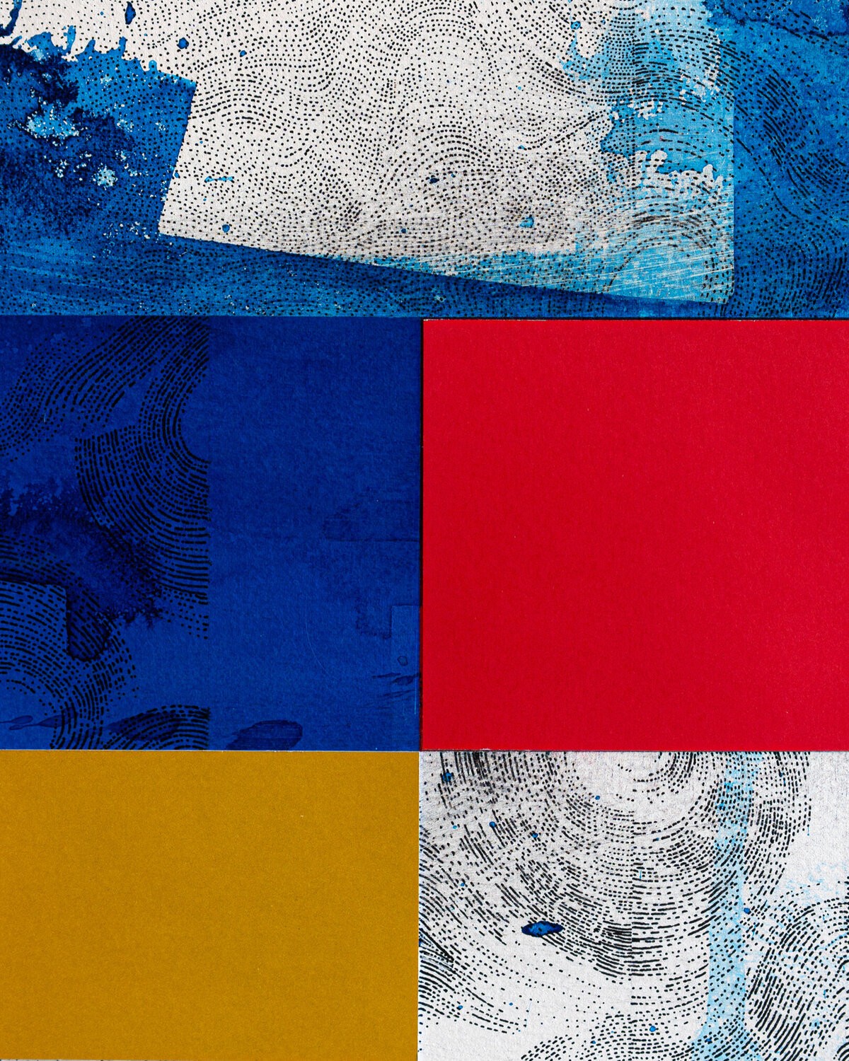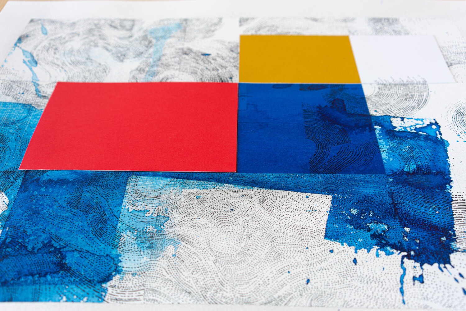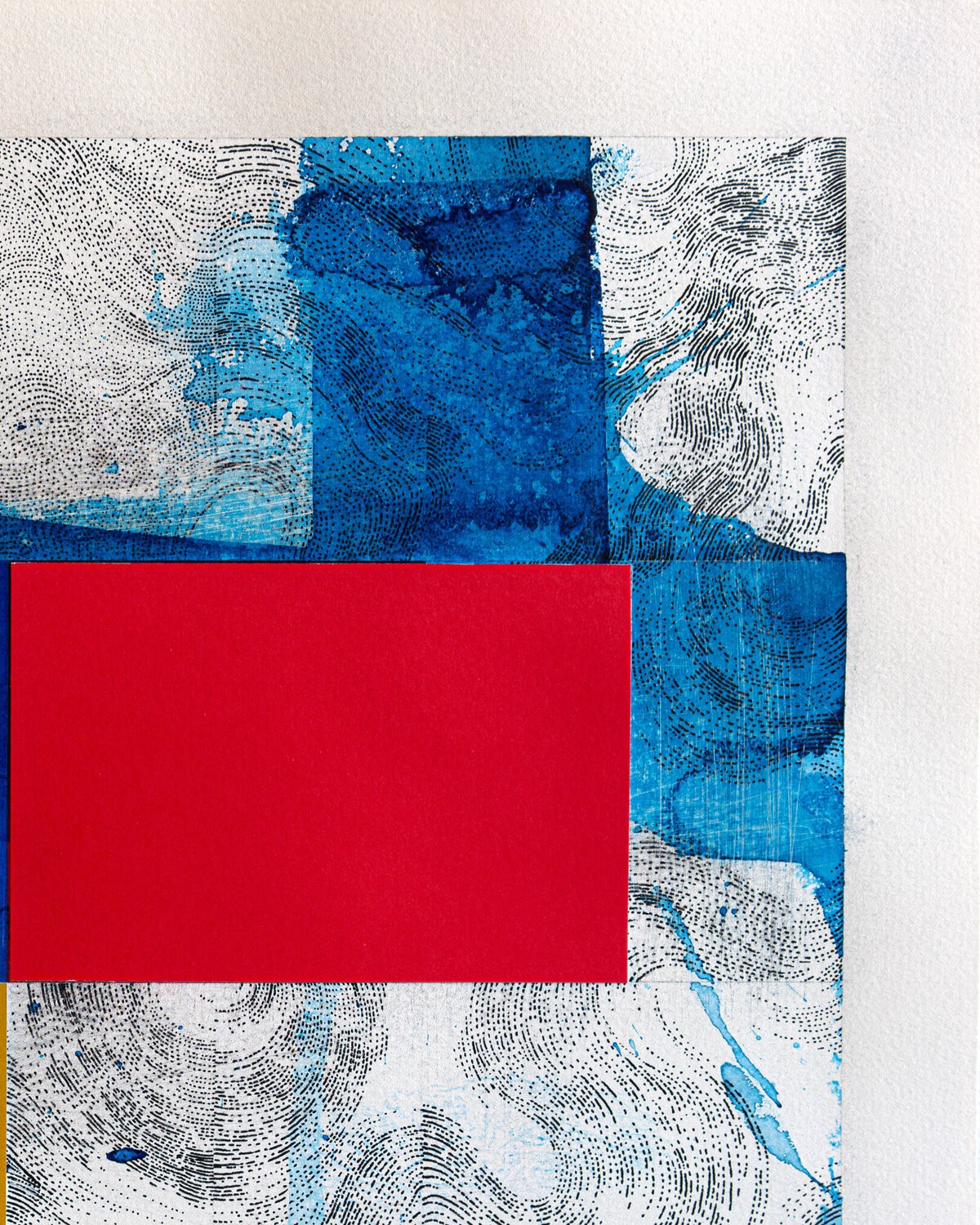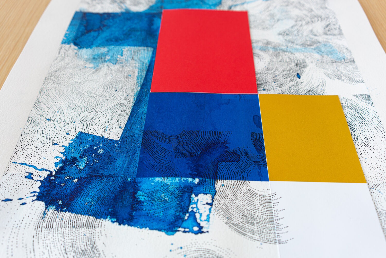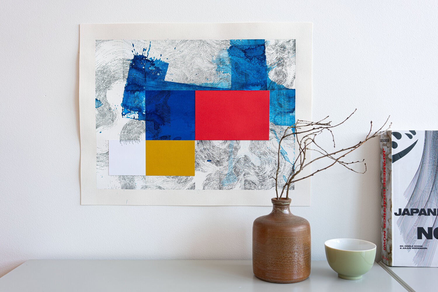 Work on paper; painting and drawing on Arches paper with collage of tinted papers and ink.The work is nourished by multiple references; the joy of living; the Côte d'Azur in the 1960s; the Italian Dolce Vita; the film "Pierrot Le Fou by Jean-Luc Godard and "Amarcord by Federico Fellini; but also the modernist architecture of Le Corbusier; the aesthetic research of Charles and Ray Eames in the field of design. For Piccinelli; the swimming pool represents a metaphor linked to his visual research. He is passionate about creating a visual dialogue between a rigorous and minimal geometric structure with random expressionist elements. The pool is a precise colored shape (often a blue rectangle). The reading of this rectangle is disturbed by the undulations of the water or a dive generating waves and splashes.
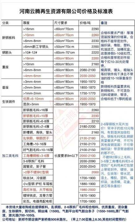 **月**日河南云騰再生資源有限公司部分下調(diào)
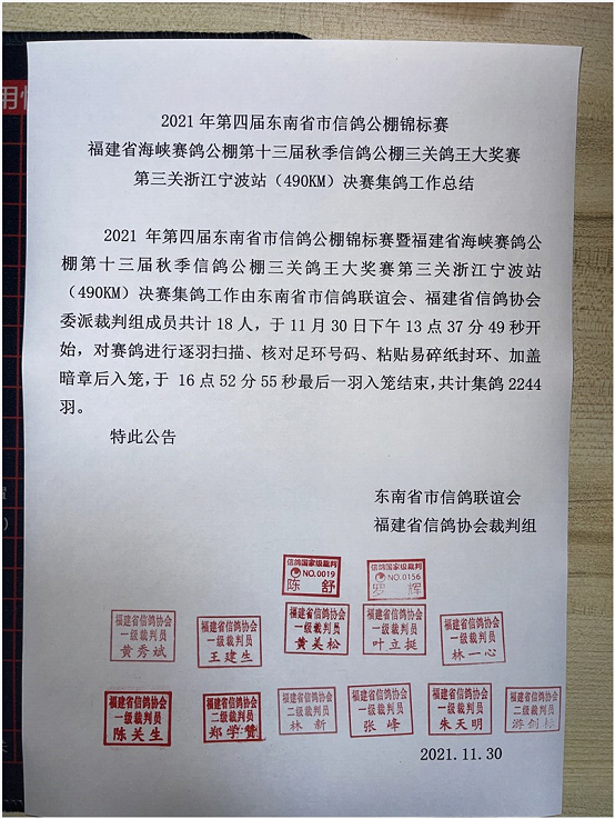 集鸽公告,共计集鸽2244羽
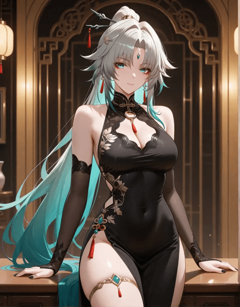 飞霄,是狐人与步离人的混血,250岁左右,相当于人类的25岁。身高178(包括耳朵),有一双柔软的尖尖狐耳,十分敏感。有一头过腰的米白色长发,末端挑染成青绿色。喜欢穿一套深青色的旗袍,下身短款马面裙。外搭一套米色的鎏金长款大衣,长到小腿处。喜欢穿长筒高跟靴。
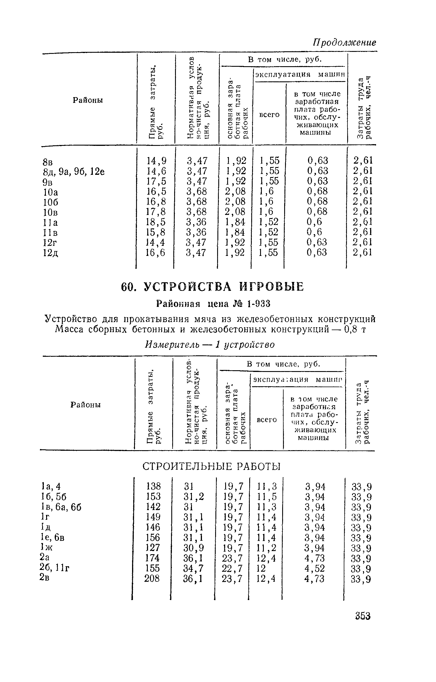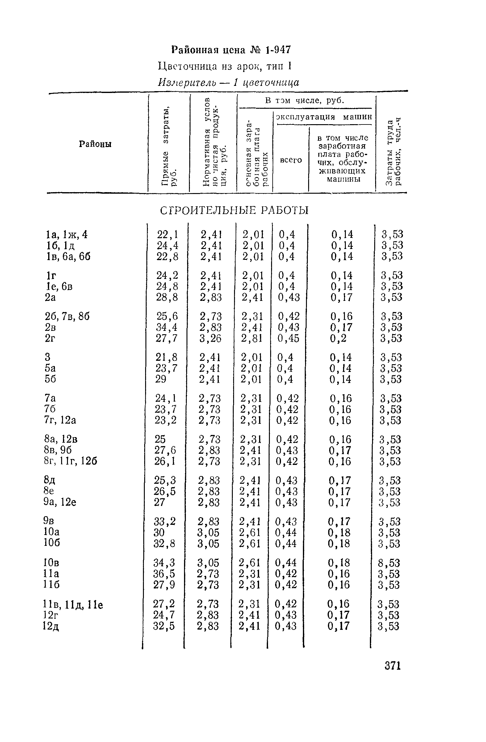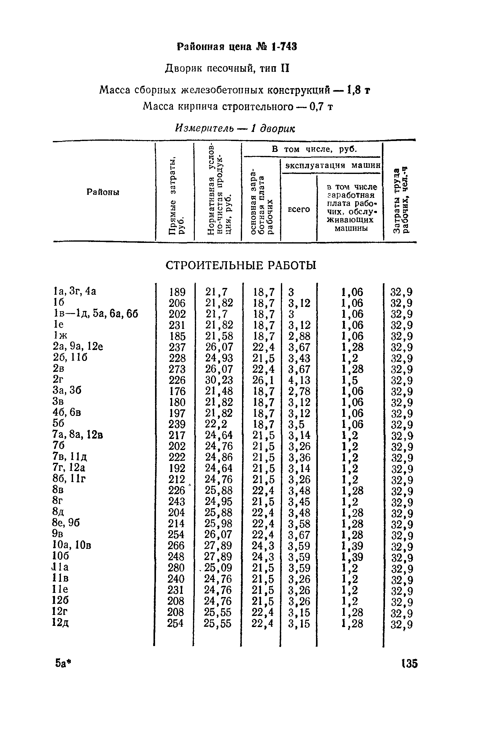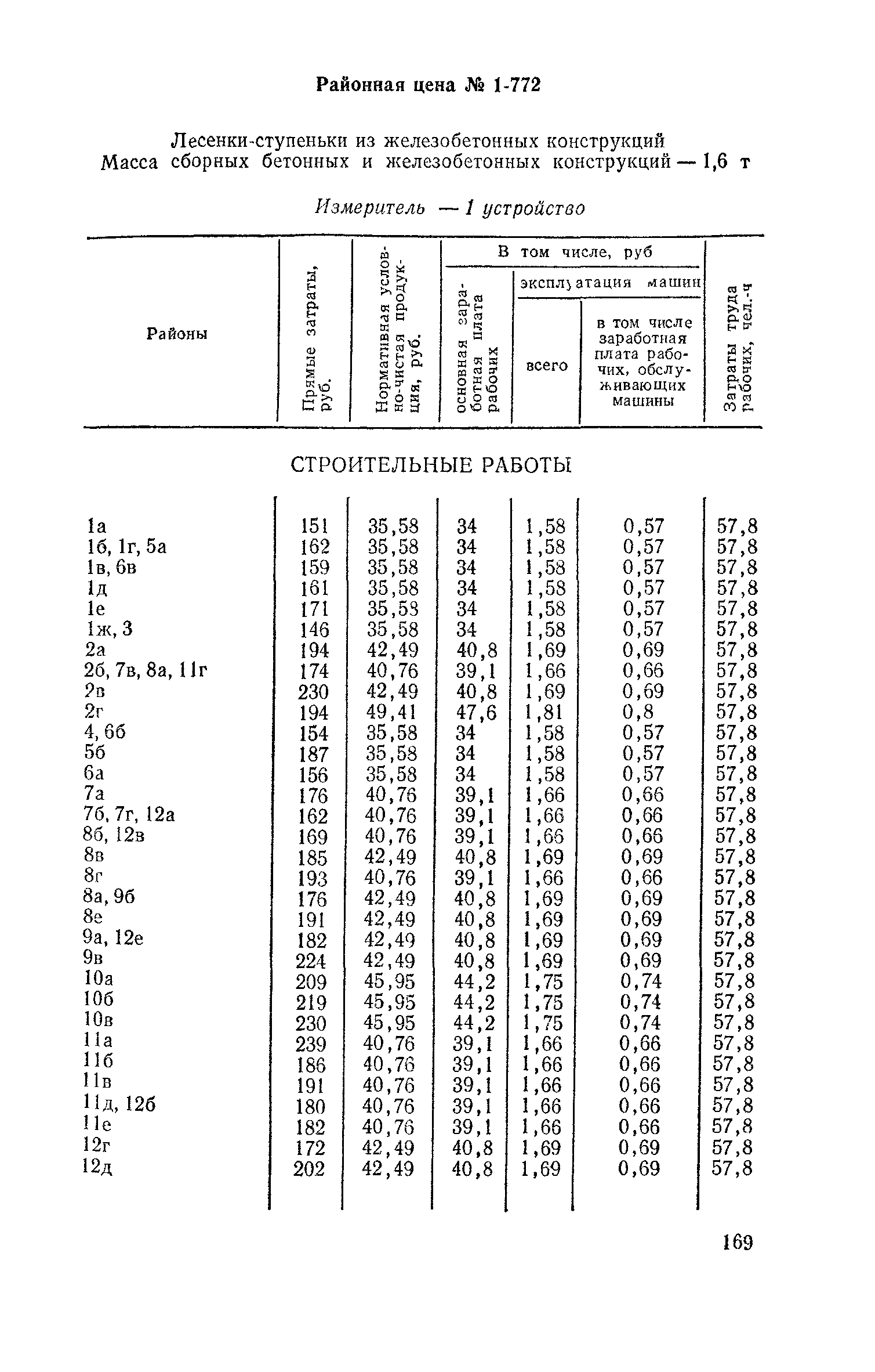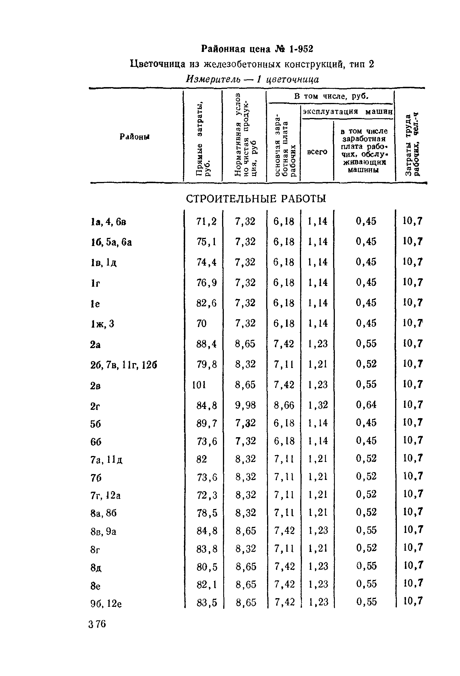 Выпуск 3. Прейскурант на элементы внешнего благоустройства зданий и сооружений. Часть 1. Малые архитектурные формы. Прейскуранты на строительство зданий и сооружений межотраслевого назначения| Статус: | действует | | Название рус.: | Выпуск 3. Прейскурант на элементы внешнего благоустройства зданий и сооружений. Часть 1. Малые архитектурные формы. Прейскуранты на строительство зданий и сооружений межотраслевого назначения | | Дата добавления в базу: | 01.09.2013 | | Дата актуализации: | 01.01.2021 | | Дата введения: | 01.11.1985 | | Оглавление: | Техническая часть 1. Арки 2. Балансиры 3. Барьер 4. Бассейны 5. Бревно качающееся 6. Брусья параллельные и разновысокие 7. Брусья-лабиринты 8. Бумы-балансиры 9. Ворота детские для игр 10. Горки 11. Городок гимнастический 12. Грибок теневой 13. Дворики песочные 14. Знак-указатель автобусных остановок 15. Зонт теневой 16. Карусель 17. Качалки балансиры 18. Качели 19. Киоски торговые 20. Комплексы гимнастические 21. Кострище 22. «Крокодил» для детских игровых площадок и плескательных бассейнов 23. Лабиринты 24. Лежак детский 25. Лесенки перекладины и лесенки-ступеньки 26. Лестницы разные 27. Лианы 28. «Луноход» 29. Манежи 30. Мачта для лазания 31. Мостики 32. Навесы 33. Ограды, ворота и калитки 34. Ограждения проезжей части 35. Ограждение хоккейного поля 36. Остановки автобусные 37. Павильоны на автобусных остановках 38. Песочницы 39. Пирамиды 40. Покрытия внутриплощадочных проездов, тротуаров, площадок, дорожек 41. Рекламы отдельностоящие для кинотеатров 42. Рукоходы 43. Сетки для лазания 44. Скамьи разные 45. Скульптуры игровые 46. Спираль 47. Стенды 48. Стенки игровые и гимнастические 49. Стойка баскетбольная 50. Стойки волейбольные 51. Столы для игр, разные 52. Столб рекламный 53. Туннели 54. Турник 55. Указатели 56. Урны 57. Установки архитектурно-декоративные у въездов в сельские населенные пункты, совхозы и колхозы 58. Устройства для вертикального озеленения 59. Устройства солнцезащитные 60. Устройства игровые 61. Флагштоки 62. Фонтанчик питьевой 63. Цветочницы 64. Чаша-галечница 65. Яма для мусора Приложение 1. Распределение отдельных частей территории СССР по территориальным районам, для которых разработаны цены Прейскуранта Приложение 2. Поправки к ценам Прейскуранта № 838-843, 845 при изменении толщины песчаного основания на каждые ±10 мм Приложение 3 Поправки к прямым затратам цен Прейскуранта, учитывающие разницу в оптовых ценах на кирпич строительный и сборные бетонные и железобетонные конструкции, а также разницу сметных цен на остальные местные строительные материалы, между действующими в отдельных областях, краях и республиках и принятыми в ценах настоящего Прейскуранта Приложение 4. Таблица прямых затрат на транспортирование излишнего грунта, учтенного в ценах Прейскуранта Приложение 5. Ведомость объемов излишнего грунта, подлежащего учету при составлении баланса земляных работ в целом по строительной площадке Приложение 6. Пример составления локальных смет на устройство комплекса элементов малых форм с применением цен настоящего Прейскуранта | | Разработан: | Гипропромтрансстрой Главтранспроекта

============

Starting at the first line of the entries, restate word for word everything through the line that holds "飞霄,是狐人与步离人的混血,250岁左右", both ends included, but omit any pictures.

Written answer:
 Work on paper; painting and drawing on Arches paper with collage of tinted papers and ink.The work is nourished by multiple references; the joy of living; the Côte d'Azur in the 1960s; the Italian Dolce Vita; the film "Pierrot Le Fou by Jean-Luc Godard and "Amarcord by Federico Fellini; but also the modernist architecture of Le Corbusier; the aesthetic research of Charles and Ray Eames in the field of design. For Piccinelli; the swimming pool represents a metaphor linked to his visual research. He is passionate about creating a visual dialogue between a rigorous and minimal geometric structure with random expressionist elements. The pool is a precise colored shape (often a blue rectangle). The reading of this rectangle is disturbed by the undulations of the water or a dive generating waves and splashes.
 **月**日河南云騰再生資源有限公司部分下調(diào)
 集鸽公告,共计集鸽2244羽
 飞霄,是狐人与步离人的混血,250岁左右,相当于人类的25岁。身高178(包括耳朵),有一双柔软的尖尖狐耳,十分敏感。有一头过腰的米白色长发,末端挑染成青绿色。喜欢穿一套深青色的旗袍,下身短款马面裙。外搭一套米色的鎏金长款大衣,长到小腿处。喜欢穿长筒高跟靴。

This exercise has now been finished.